#### [Aim of the task]
Every line below from the one with "Eagle USA Flag" through the one with "Педикюрное кресло оснащено" is to be repeated exactly, with no picture among them.

====== Record excerpts ======

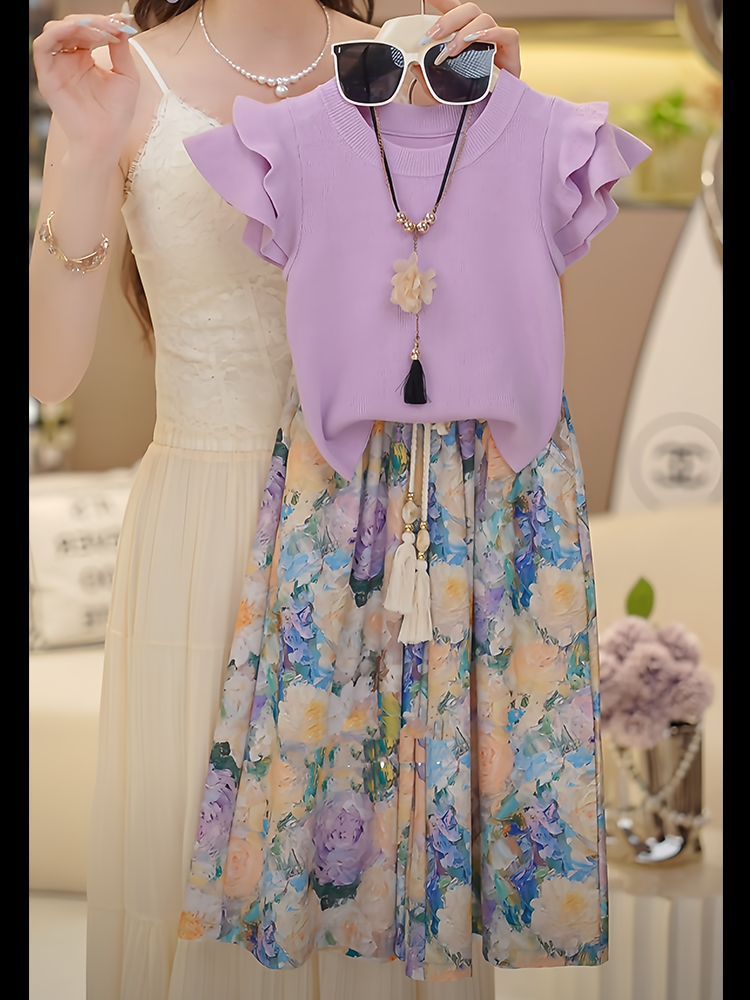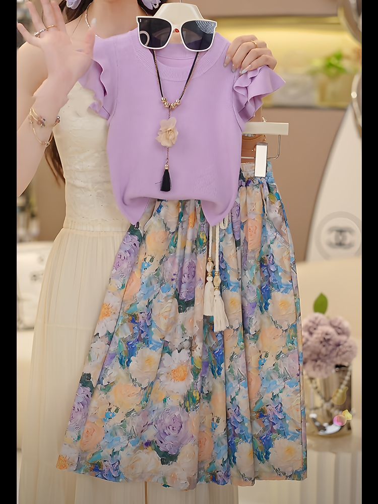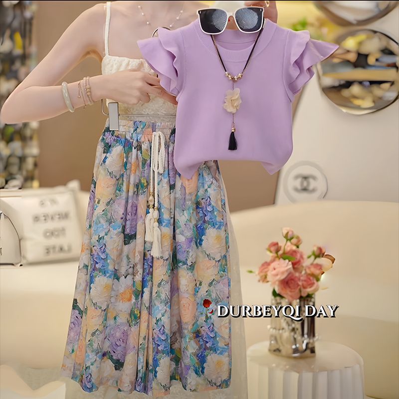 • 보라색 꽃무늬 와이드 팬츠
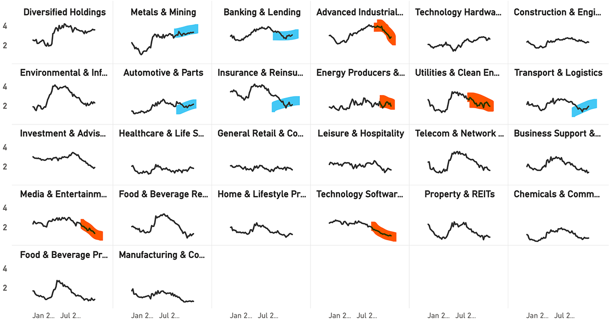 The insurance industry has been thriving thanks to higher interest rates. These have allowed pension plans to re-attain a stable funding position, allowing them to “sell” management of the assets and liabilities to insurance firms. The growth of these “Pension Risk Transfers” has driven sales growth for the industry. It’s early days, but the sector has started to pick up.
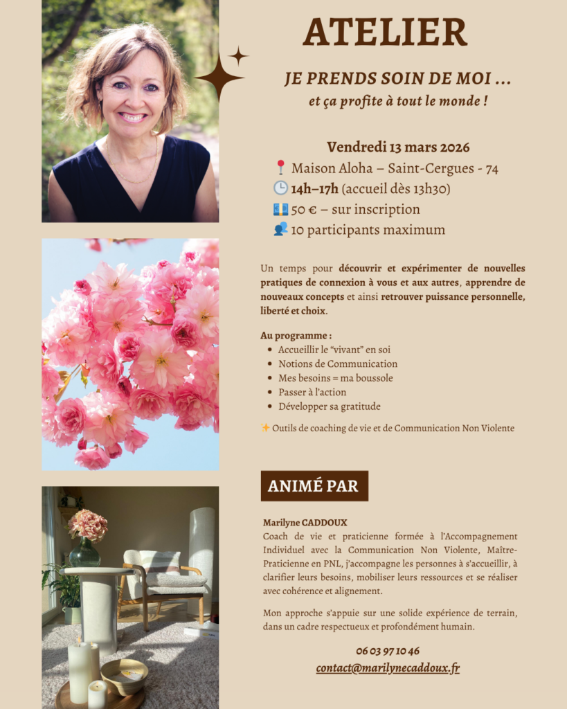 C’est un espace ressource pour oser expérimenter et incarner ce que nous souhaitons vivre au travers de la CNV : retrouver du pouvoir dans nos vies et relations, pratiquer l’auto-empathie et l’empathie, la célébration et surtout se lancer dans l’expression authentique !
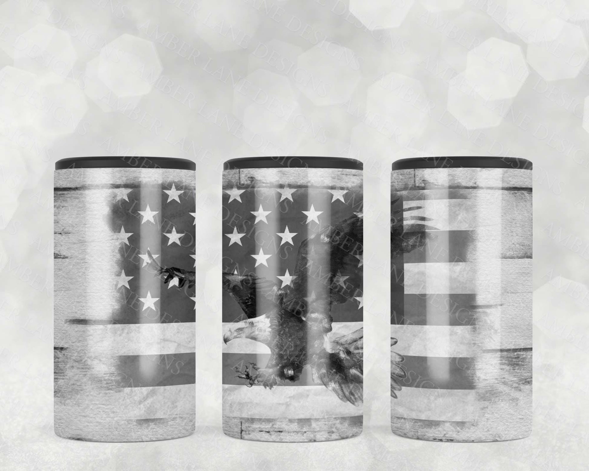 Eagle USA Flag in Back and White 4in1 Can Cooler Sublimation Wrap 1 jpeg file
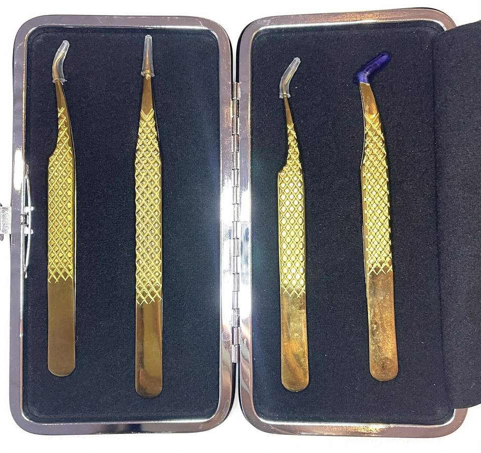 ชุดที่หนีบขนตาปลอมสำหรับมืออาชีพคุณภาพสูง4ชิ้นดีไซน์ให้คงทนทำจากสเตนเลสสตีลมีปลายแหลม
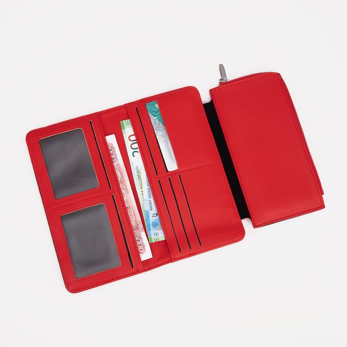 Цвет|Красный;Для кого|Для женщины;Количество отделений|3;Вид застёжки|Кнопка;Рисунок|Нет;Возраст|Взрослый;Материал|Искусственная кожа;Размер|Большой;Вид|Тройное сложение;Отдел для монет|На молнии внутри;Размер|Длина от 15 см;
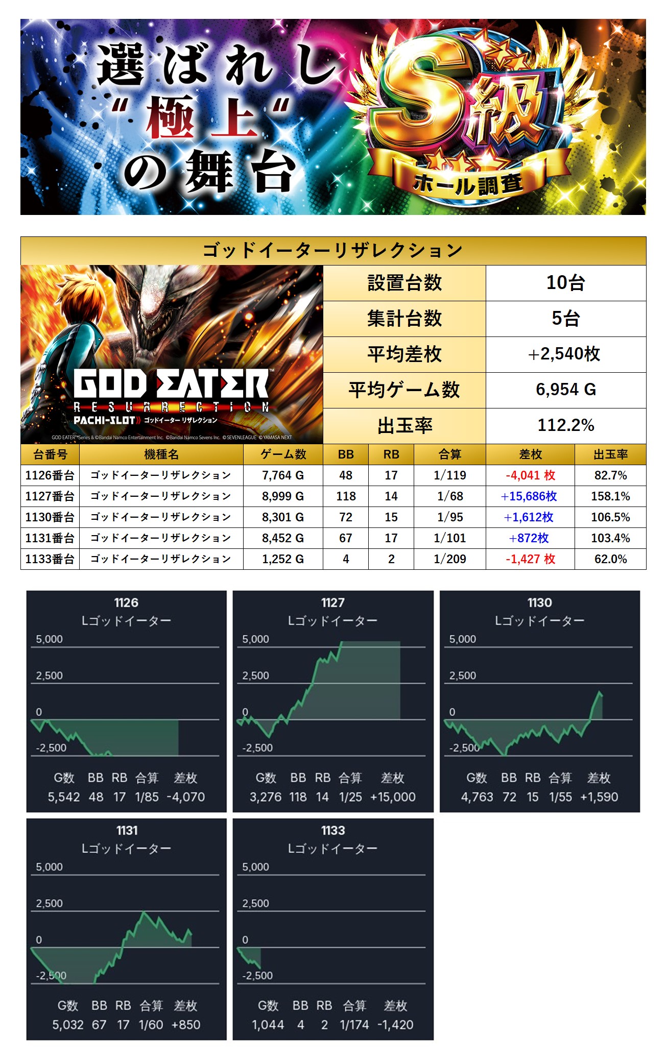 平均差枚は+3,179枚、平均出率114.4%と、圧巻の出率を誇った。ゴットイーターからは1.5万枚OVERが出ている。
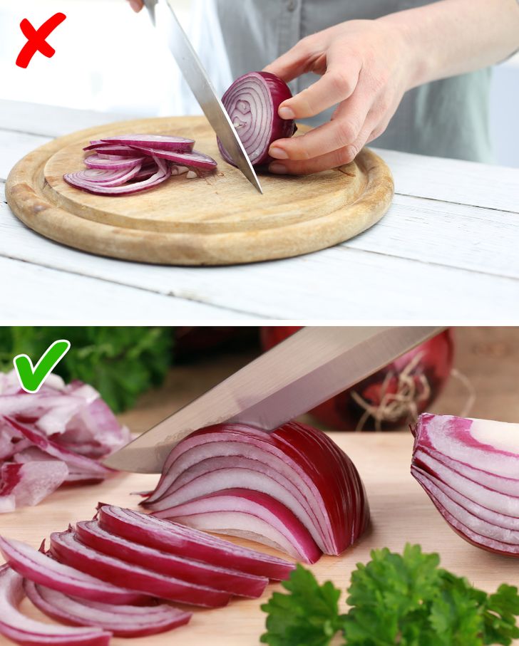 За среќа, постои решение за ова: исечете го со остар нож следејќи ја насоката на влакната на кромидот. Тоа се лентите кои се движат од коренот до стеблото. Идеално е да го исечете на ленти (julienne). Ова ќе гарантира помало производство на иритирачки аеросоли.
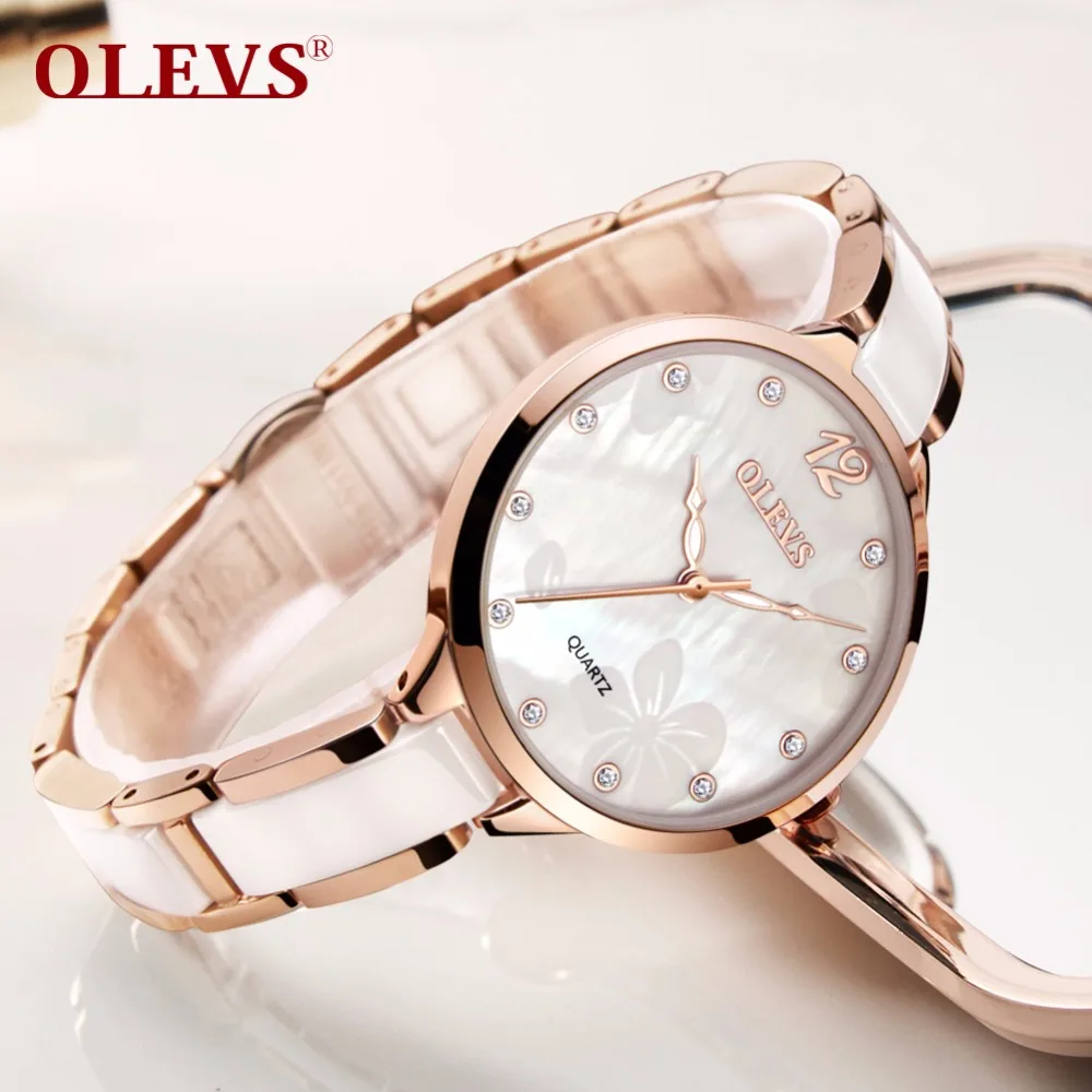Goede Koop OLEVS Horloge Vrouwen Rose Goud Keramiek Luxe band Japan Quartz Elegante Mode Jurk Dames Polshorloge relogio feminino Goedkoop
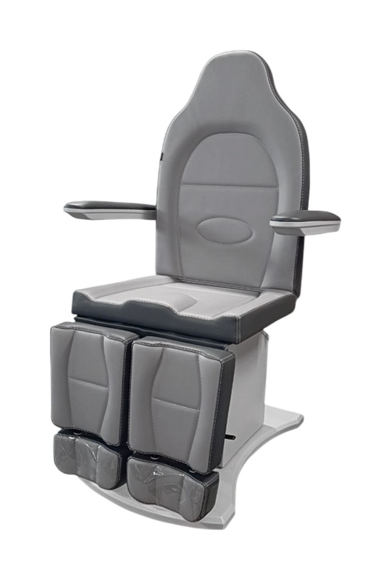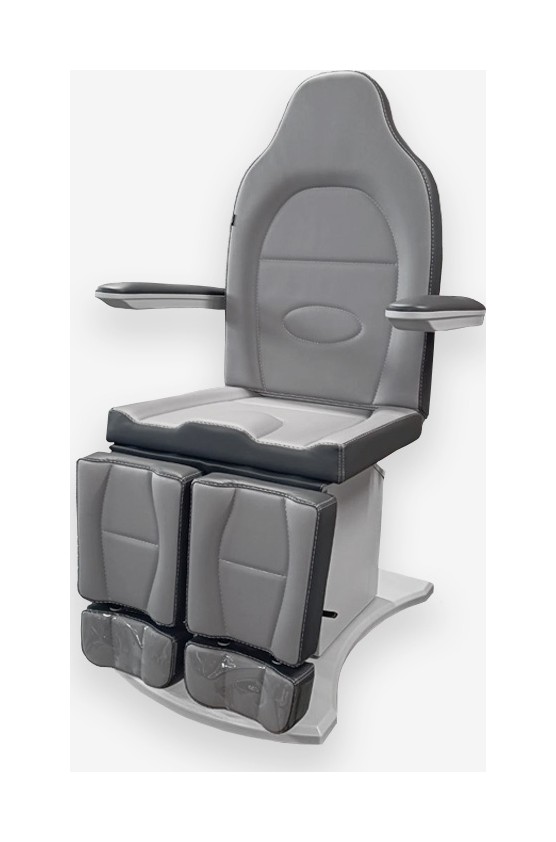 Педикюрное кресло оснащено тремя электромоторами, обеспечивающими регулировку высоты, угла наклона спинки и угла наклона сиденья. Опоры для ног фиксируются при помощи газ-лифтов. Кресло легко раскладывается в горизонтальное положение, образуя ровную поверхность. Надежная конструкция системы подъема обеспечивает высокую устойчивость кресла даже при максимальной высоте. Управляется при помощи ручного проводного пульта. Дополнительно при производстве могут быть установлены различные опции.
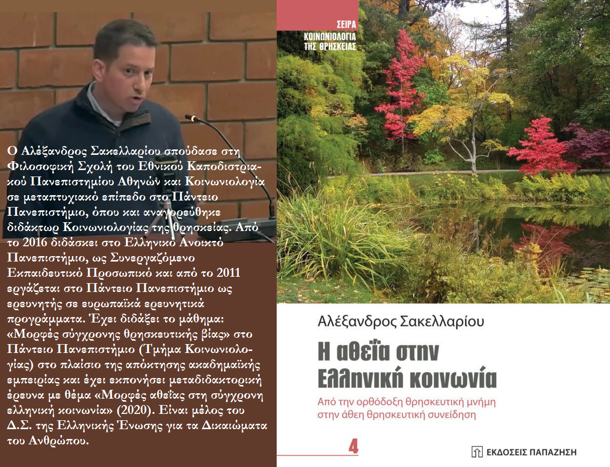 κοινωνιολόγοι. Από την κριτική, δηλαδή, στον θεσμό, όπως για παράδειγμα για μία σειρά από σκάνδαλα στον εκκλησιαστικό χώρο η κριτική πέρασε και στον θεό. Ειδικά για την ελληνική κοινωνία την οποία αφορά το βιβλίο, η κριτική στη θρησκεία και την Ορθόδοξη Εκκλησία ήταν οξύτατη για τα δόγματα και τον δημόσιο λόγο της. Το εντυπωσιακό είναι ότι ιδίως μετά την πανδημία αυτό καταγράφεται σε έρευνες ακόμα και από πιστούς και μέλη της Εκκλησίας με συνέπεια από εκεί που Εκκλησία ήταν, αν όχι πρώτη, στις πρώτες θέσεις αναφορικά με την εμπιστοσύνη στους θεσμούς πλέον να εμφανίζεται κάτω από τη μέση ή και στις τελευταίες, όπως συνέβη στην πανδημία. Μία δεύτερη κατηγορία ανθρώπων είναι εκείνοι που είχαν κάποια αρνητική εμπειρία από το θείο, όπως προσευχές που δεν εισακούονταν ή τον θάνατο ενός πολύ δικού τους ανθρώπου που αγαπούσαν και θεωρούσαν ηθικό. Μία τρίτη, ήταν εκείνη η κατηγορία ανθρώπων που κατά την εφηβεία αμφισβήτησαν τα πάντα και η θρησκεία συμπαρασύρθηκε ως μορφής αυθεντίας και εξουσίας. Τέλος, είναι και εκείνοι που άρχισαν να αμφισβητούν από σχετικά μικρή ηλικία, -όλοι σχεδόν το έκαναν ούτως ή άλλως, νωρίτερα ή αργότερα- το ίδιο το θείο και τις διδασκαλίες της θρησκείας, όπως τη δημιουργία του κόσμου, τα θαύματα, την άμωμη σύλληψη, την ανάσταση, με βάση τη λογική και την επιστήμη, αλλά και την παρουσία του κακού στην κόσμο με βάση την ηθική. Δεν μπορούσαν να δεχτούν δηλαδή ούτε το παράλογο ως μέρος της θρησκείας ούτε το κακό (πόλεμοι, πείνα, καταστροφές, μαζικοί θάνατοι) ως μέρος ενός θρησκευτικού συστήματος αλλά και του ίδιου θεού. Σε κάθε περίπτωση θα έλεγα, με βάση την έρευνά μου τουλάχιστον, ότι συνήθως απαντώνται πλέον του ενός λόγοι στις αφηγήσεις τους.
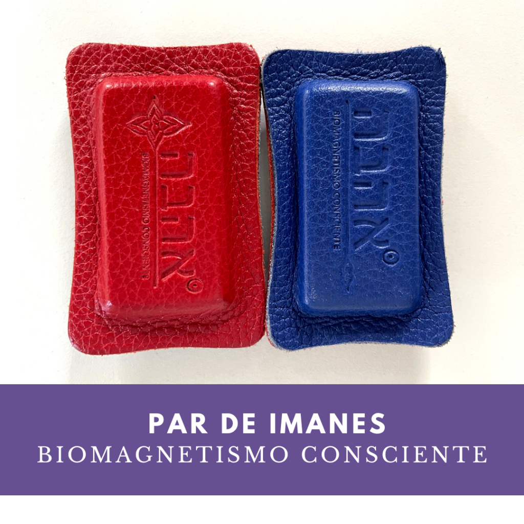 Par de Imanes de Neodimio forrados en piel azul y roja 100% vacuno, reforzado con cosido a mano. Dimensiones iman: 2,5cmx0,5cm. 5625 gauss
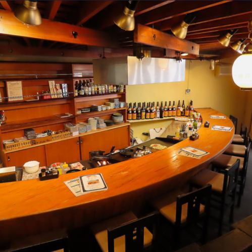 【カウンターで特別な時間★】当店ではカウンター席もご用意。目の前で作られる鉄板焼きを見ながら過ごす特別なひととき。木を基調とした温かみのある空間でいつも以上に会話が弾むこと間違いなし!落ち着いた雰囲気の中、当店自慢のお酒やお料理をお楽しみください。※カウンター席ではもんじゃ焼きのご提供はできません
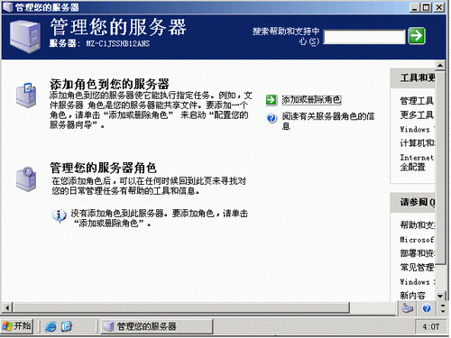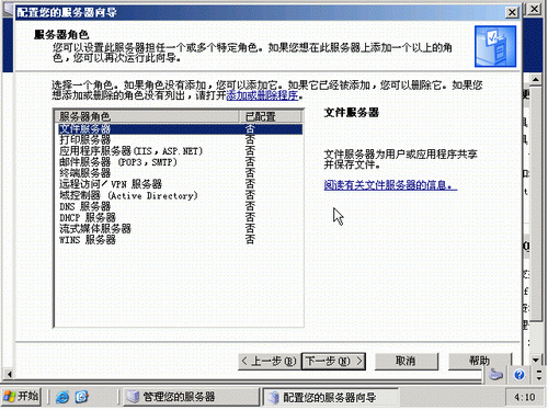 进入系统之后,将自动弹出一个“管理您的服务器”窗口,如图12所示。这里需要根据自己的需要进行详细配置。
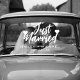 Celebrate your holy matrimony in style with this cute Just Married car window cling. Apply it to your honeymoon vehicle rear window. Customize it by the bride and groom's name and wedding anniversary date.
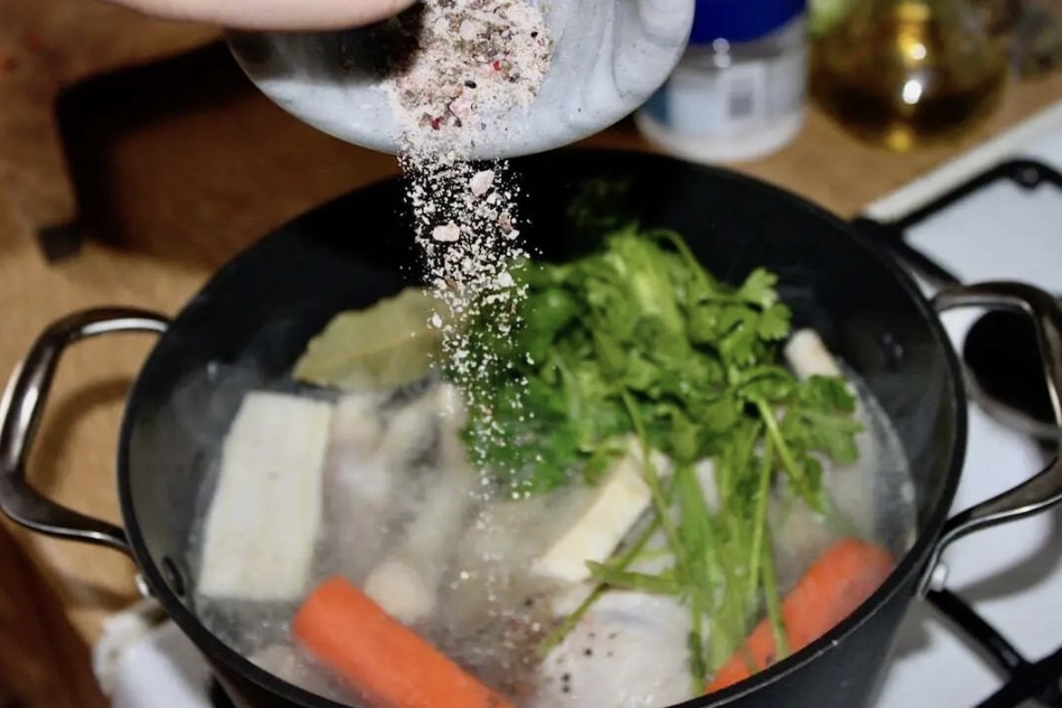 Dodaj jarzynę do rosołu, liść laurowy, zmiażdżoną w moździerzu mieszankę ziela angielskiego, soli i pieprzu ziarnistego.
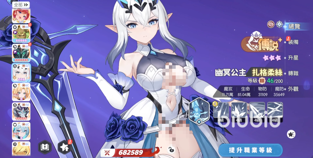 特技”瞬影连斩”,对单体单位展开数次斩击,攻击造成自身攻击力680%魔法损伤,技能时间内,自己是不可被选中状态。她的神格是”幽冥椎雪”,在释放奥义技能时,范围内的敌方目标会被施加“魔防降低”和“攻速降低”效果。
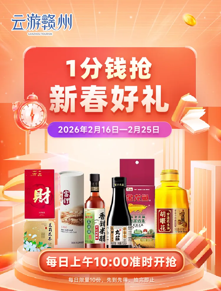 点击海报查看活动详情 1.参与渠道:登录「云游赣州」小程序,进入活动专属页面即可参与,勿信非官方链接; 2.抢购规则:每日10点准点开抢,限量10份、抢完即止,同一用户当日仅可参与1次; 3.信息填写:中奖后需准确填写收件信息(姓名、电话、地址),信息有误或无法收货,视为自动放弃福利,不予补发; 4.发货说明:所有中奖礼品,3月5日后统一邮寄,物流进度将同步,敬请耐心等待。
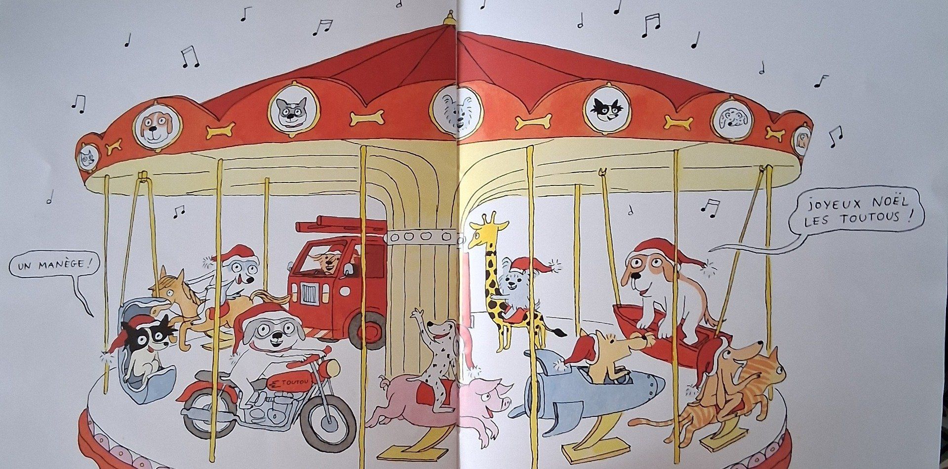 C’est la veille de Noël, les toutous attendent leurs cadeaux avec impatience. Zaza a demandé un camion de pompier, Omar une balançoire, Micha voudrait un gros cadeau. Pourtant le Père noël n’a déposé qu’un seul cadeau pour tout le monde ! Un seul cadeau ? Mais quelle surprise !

======

#### [Written response]
 Eagle USA Flag in Back and White 4in1 Can Cooler Sublimation Wrap 1 jpeg file
 ชุดที่หนีบขนตาปลอมสำหรับมืออาชีพคุณภาพสูง4ชิ้นดีไซน์ให้คงทนทำจากสเตนเลสสตีลมีปลายแหลม
 Цвет|Красный;Для кого|Для женщины;Количество отделений|3;Вид застёжки|Кнопка;Рисунок|Нет;Возраст|Взрослый;Материал|Искусственная кожа;Размер|Большой;Вид|Тройное сложение;Отдел для монет|На молнии внутри;Размер|Длина от 15 см;
 平均差枚は+3,179枚、平均出率114.4%と、圧巻の出率を誇った。ゴットイーターからは1.5万枚OVERが出ている。
 За среќа, постои решение за ова: исечете го со остар нож следејќи ја насоката на влакната на кромидот. Тоа се лентите кои се движат од коренот до стеблото. Идеално е да го исечете на ленти (julienne). Ова ќе гарантира помало производство на иритирачки аеросоли.
Goede Koop OLEVS Horloge Vrouwen Rose Goud Keramiek Luxe band Japan Quartz Elegante Mode Jurk Dames Polshorloge relogio feminino Goedkoop
 Педикюрное кресло оснащено тремя электромоторами, обеспечивающими регулировку высоты, угла наклона спинки и угла наклона сиденья. Опоры для ног фиксируются при помощи газ-лифтов. Кресло легко раскладывается в горизонтальное положение, образуя ровную поверхность. Надежная конструкция системы подъема обеспечивает высокую устойчивость кресла даже при максимальной высоте. Управляется при помощи ручного проводного пульта. Дополнительно при производстве могут быть установлены различные опции.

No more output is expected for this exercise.